Our second multi-week, mixed doubles junior tournament wrapped up yesterday. Sarabelle placed second runner-up. She has been invited to join the team that will compete against a group from the Cairns area, and has accepted the challenge to enter a regional tournament in conjunction with the resort town's spring carnivale festivities.

Here is my hillbilly eldest daughter receiving her award barefoot. She forgot her sneakers in the big rush to leave the house. No worries though, only about one-fourth of the kids wear shoes when they play.



Grice, a natural but disinterested player, made it through the three-week event, but then bowed out of yesterday's later matches with the legitimate excuse of ill health. (It's just a cold, Mom.)

Elle, as they say here, couldn't give a stuff about tennis and besides she had found her own trophy, someone else's discarded ten-year old soccer statuette, on a trip with her dad a few weeks back to the Refuse Tip -- that's the dump, not advice to serving staff or the task a demolitions expert performs when rehabilitiating an old explosive device -- and was perfectly satisfied with that. But after seeing the fun her sisters, especially reluctant Grice, and her former schoolmates were having, she decided to start taking lessons and to participate in the tournament as well. The only problem was that in the last junior tournament, right before the Christmas break, she had been competing against the B group of novice players. None of those kids signed up this time, so she was playing doubles (which if you were her partner was really like playing singles against a doubles team) with the advanced kids 4-9 years her senior. The coach decided at the beginning of the event she would get an Encouragement Award just for participating. I kept mum about it. The trophies came out much bigger than we expected and when the kids saw them they wondered if these were display trophies that would only have their names engraved on and would sit enshrined in a case somewhere like a holy relic; they could not believe they got to take these home. Elle was in such awe of the presentation table contents she did not believe me, lowly secretary that I am, when I said the winners would keep these. When the coach presented her with her very own gold colored plasticky prize, she whispered something to him to which he smiled and replied, "Yes, forever!" She reckons it's worth about 5,000 dollars. She's also been invited to play on the junior junior squad which will play against a team from the resort town, and has readily accepted.

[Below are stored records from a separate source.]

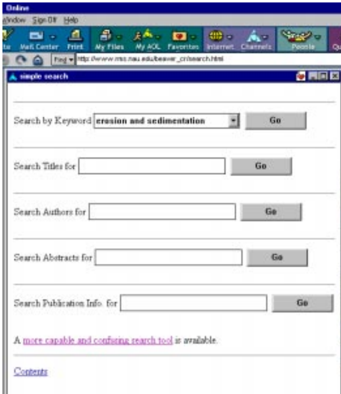
Figure 1. Format for simple searches of the Beaver Creek bibliography.

137 references that have ponderosa pine in the title. Search of the author, abstract, and publication options are similar.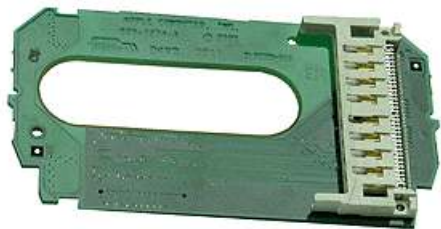
Figure 1 AirPort adapter

Note: If your AirPort Card came with the AirPort adapter (shown in Figure 1) remove the metal clip and pull the AirPort Card from the adapter. The adapter and metal clip are not used with the iMac (Flat Panel) computer.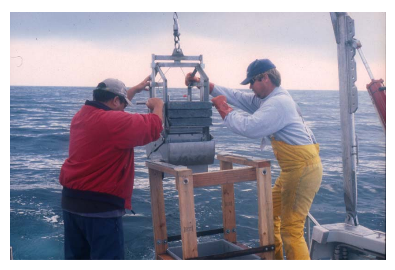
Deployment of the box-core sampler by staff of the Orange County Sanitation District aboard R/V Early Bird during the sampling campaign on San Pedro Shelf.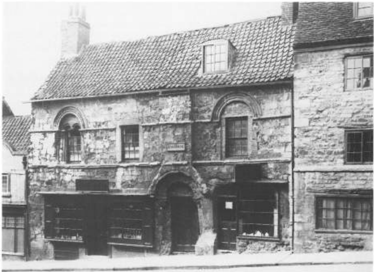
A more recent view of the Jew's House, showing the changes since Grimm's earlier sketch.

removed to make way for a modern sash. A second string-course runs along the building at the level of the sills.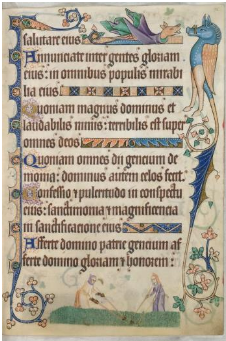
Figure 5.9: Luttrell Psalter f. 172r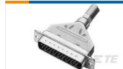
TE Part #1658677-1 HDP-22,OVRMLD,PLUG KIT,SIZE 3,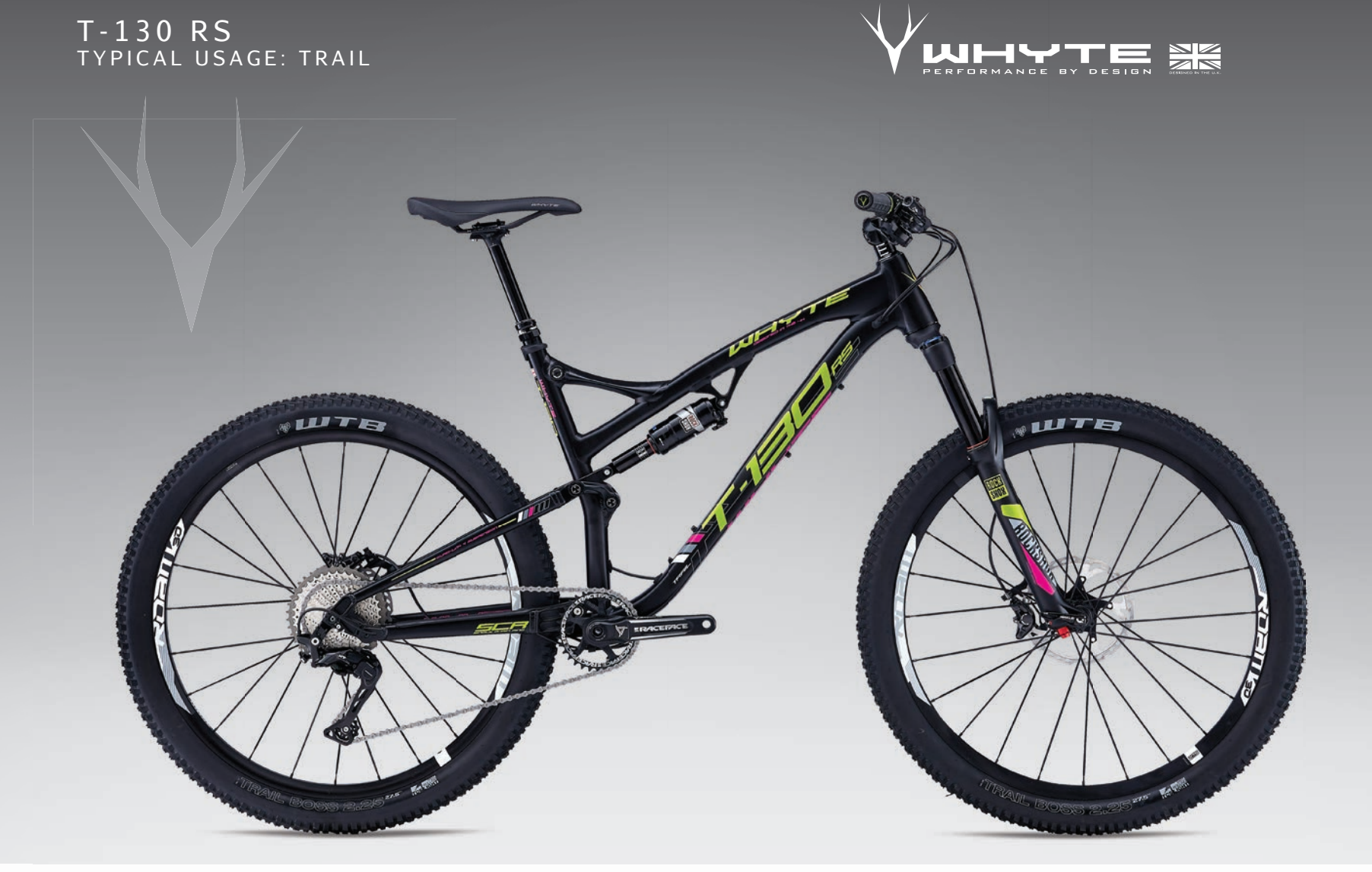
SCR frame with symmetrical chainstays for increased stiffness / Shimano XT 1 by 11 drivetrain / RockShox Pike fork, Monarch DebonAir shock and Reverb Stealth seatpost T-130\ TRAIL\ SUSPENSION\ 650b/27.5"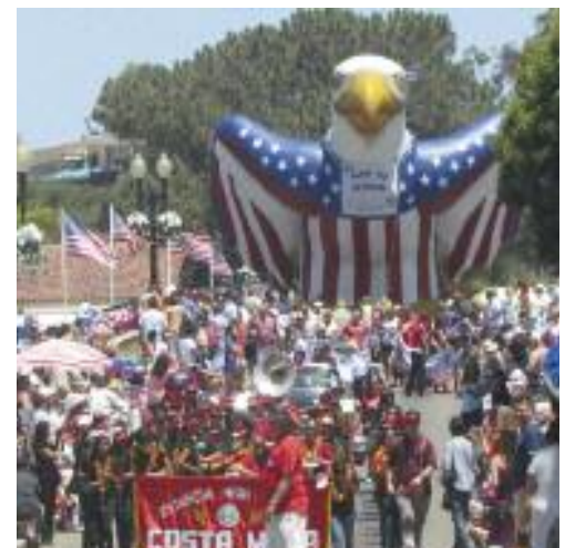
Our Annual Parade is Sunday, June 5th

Happy to call the Island home since 2017, play mediocre tennis, spoil my rescue, cocker spaniel Melania and fly back to the Swamps of Jersey to root for my beloved NY Giants.

We are glad the Dauphin is so pleasant with us;
His present and your pains we thank you for:
When we have march'd our rackets to these balls,
We will, in France, by God's grace, play a set
Shall strike his father's crown into the hazard.
Tell him he hath made a match with such a wrangler
That all the courts of France will be disturb'd
With chaces. And we understand him well,
How he comes o'er us with our wilder days,
Not measuring what use we made of them.
We never valued this poor seat of England;
And therefore, living hence, did give ourself
To barbarous licence; as 'tis ever common
That men are merriest when they are from home.

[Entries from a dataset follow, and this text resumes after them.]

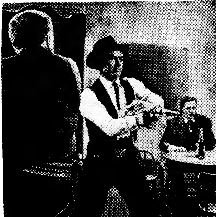
Yul Brynner in the title role of Stanley Kramer's DeLuxe Color production "Invitation To A Gunfighter," now at the Tryon Theatre under United Artists release. He shares romantic interest with Janice Rule.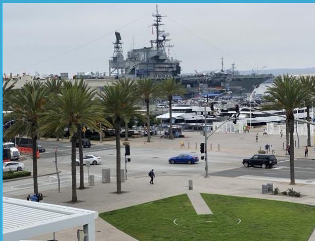
View from the pitcher's mound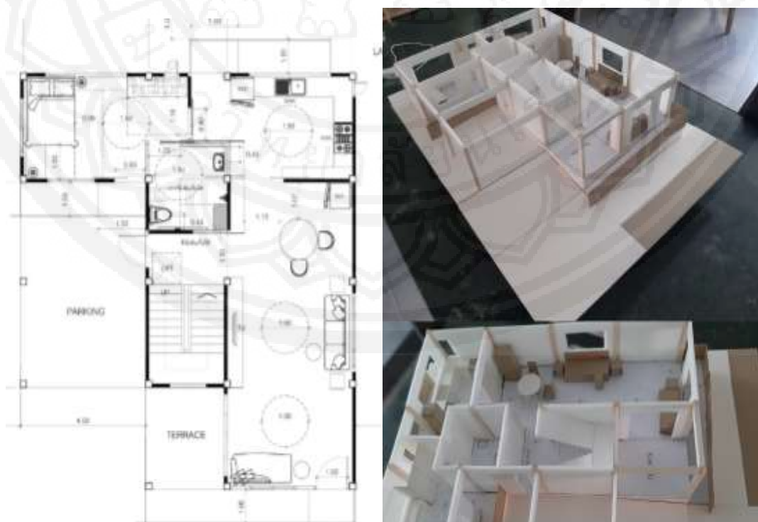
Figure 12 A layout and renovation model of wheelchair-accessible house

Apart from the above design criteria, the researcher also created a model of wheelchair-accessible house in order to make the informants clearly understand all design details during the data collection process. This model shows how to renovate an existing house into a wheelchair-accessible house and also compare the renovated areas with the existing ones. Thus, this model can make interested persons better understand the characteristics of wheelchair-accessible houses.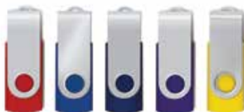
4GB USB FLASH DRIVE $5.75 / 50 qty. | $4.60 /250 qty. Set-Up Fee: $34 - 1 Color Imprint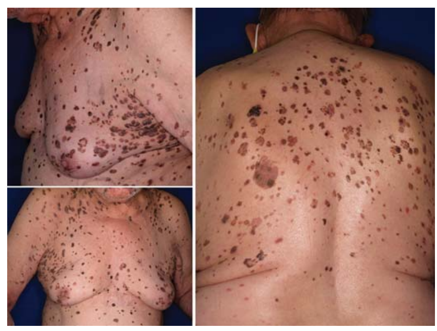
Figure 2: Seborrheic keratoses may appear in large numbers. This male patient displays a large number of darkly pigmented seborrheic keratoses showing a striking morphological variety with some lesions revealing an unusual rosette-like pattern. The patient reported that his father revealed also multiple seborrheic keratoses. An increased cumulative sun-exposure or multiple sunburns were denied.

Lesions are sharply demarcated, round or oval-shaped, usually elevated and stuck on the skin with a verrucous, uneven, dull, or punched-out surface (Figure 1). Flat seborrheic keratoses often have a smooth, velvety surface and are barely elevated above the surface of the skin. Whether these flat forms are merely initial seborrheic keratoses, which grow thicker over time, or whether they are a sub-type is still unclear. Some seborrheic keratoses have a surface which appears rather oily and shiny, hence the misnomer "seborrheic" (i.e., greasy) keratosis. Seborrheic keratoses typically appear as if stuck on the skin. Lesions range in size from a few millimeters to several centimeters, with a typical diameter of 0.5–1 cm. Lesions vary in color and may be skincolor/yellowish, gray-brown, or black. Pediculated forms have also been observed in intertriginous areas. Seborrheic keratoses are often penetrated by invaginations of keratotic plugs and horn cysts (filled with concentrically attached keratin). On dermatoscopy these appear as "pseudofollicular openings" and "horn pseudocysts" with light, sharply bordered, round plugs. Inflammation around the margin of the lesion can occasionally occur (Meyerson phenomenon).

But tell the Dauphin I will keep my state,
Be like a king and show my sail of greatness
When I do rouse me in my throne of France:
For that I have laid by my majesty
And plodded like a man for working-days,
But I will rise there with so full a glory
That I will dazzle all the eyes of France,
Yea, strike the Dauphin blind to look on us.

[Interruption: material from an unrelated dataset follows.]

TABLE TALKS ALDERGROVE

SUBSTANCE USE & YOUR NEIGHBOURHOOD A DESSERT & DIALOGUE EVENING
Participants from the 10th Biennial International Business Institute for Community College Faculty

And tell the pleasant prince this mock of his
Hath turn'd his balls to gun-stones; and his soul
Shall stand sore charged for the wasteful vengeance
That shall fly with them: for many a thousand widows
Shall this his mock mock out of their dear husbands;
Mock mothers from their sons, mock castles down;
And some are yet ungotten and unborn
That shall have cause to curse the Dauphin's scorn.
But this lies all within the will of God,
To whom I do appeal; and in whose name
Tell you the Dauphin I am coming on,
To venge me as I may and to put forth
My rightful hand in a well-hallow'd cause.
So get you hence in peace; and tell the Dauphin
His jest will savour but of shallow wit,
When thousands weep more than did laugh at it.
Convey them with safe conduct. Fare you well.